The IaaS model also creates a natural upsell path: enterprises start with a single-cluster deployment, then expand to multiple clusters, regions, or business units as they see results.
SaaS — Platform Services (Marketplace)
The marketplace layer creates network effects and a revenue-sharing ecosystem around the platform.
| Revenue Type | Description |
|---|---|
| Agent marketplace | Revenue share on third-party agent and skill sales. Developers build agents and skills; Crawbl handles distribution, billing, and trust verification. |
| Paid skill packages | Premium first-party integrations sold as add-ons. Enterprise-grade connectors for specialized systems (SAP, Salesforce, ServiceNow). |
| Platform commission | Percentage on all marketplace transactions. Standard marketplace economics — the platform captures value from facilitating the exchange. |
The marketplace is not planned until Phase 3 (skills) and Phase 4 (agents). This is deliberate: the trust model, sandboxing infrastructure, and verification pipeline must be production-proven before third-party code runs in user swarms.
Unit Economics
The cost structure of Crawbl is designed around ZeroClaw's extreme efficiency. Traditional AI agent platforms run Python or Node runtimes that consume hundreds of megabytes per agent. ZeroClaw runs at approximately 5 MB per agent, enabling multi-tenancy densities that are orders of magnitude higher.
| Metric | Value | Impact |
|---|---|---|
| Agent memory footprint | ~5 MB per agent | Hundreds of agents per node instead of tens |
| Scale-to-zero | 10 ms cold start | Idle agents cost nothing; resources are reclaimed immediately |
| LLM cost target | ~$5/mo per paying user | Platform-managed cost controls keep inference costs predictable |
| Inference model | Hosted provider APIs (Anthropic, OpenAI, Gemini) | No GPU infrastructure to manage; costs scale linearly with usage |
| Enterprise revenue | Annual contracts | Predictable recurring revenue with high retention |
The unit economics work because the infrastructure cost per user is radically low.
A single Kubernetes node that would host 10-20 Python-based agents can host hundreds of ZeroClaw agents.
This density advantage compounds: lower costs enable a more generous free tier, which drives adoption, which generates data, which improves the platform, which justifies higher enterprise contract values.
Scale-to-zero is the other critical lever.
Most agent platforms charge for idle compute because their runtimes cannot cold-start fast enough to be practical.
ZeroClaw's 10 ms cold start means agents can be fully suspended when inactive and restarted instantly when needed.
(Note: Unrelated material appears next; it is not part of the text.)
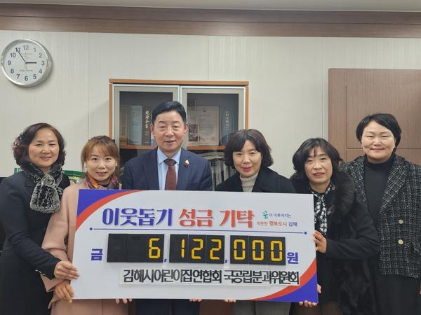 김해시는 어린이집연합회 국공립분과위원회에서 성금 612만2,000원을 기탁했다고 7일 밝혔다.

Users experience no latency penalty, and the platform eliminates idle resource waste.
Growth Strategy
The growth strategy follows a four-stage flywheel where each stage generates the momentum for the next.
Consumer app validates the platform
The mobile app is the proving ground. Real traffic shows whether the orchestrator, runtime engine, integration layer, and cost controls hold up in production.
Key metrics: onboarding completion, daily usage, swarm provision time, LLM cost per user, and integration reliability.
Developer PaaS attracts volume
Once the platform is hardened and a public API exists, developers become the volume channel. Lower hosting costs and fewer moving parts are the wedge.
Key metrics: developer signups, API call volume, time-to-first-agent, and 30/60/90-day retention.
Enterprise IaaS captures contracts
Enterprise sales start once the platform has a reliability story. The pitch is simple: the same stack developers use, but deployed in the customer's own infrastructure with an SLA.
Key metrics: enterprise pipeline value, contract size, deployment success rate, and expansion revenue.
Marketplace and federation create network effects
Skills, agents, and federation connections make the network more valuable over time. The moat is not just data; it is the relationships and workflows that span organizations.
Key metrics: marketplace transactions, third-party developer revenue, federation connections per enterprise, and cross-org workflow completion rates.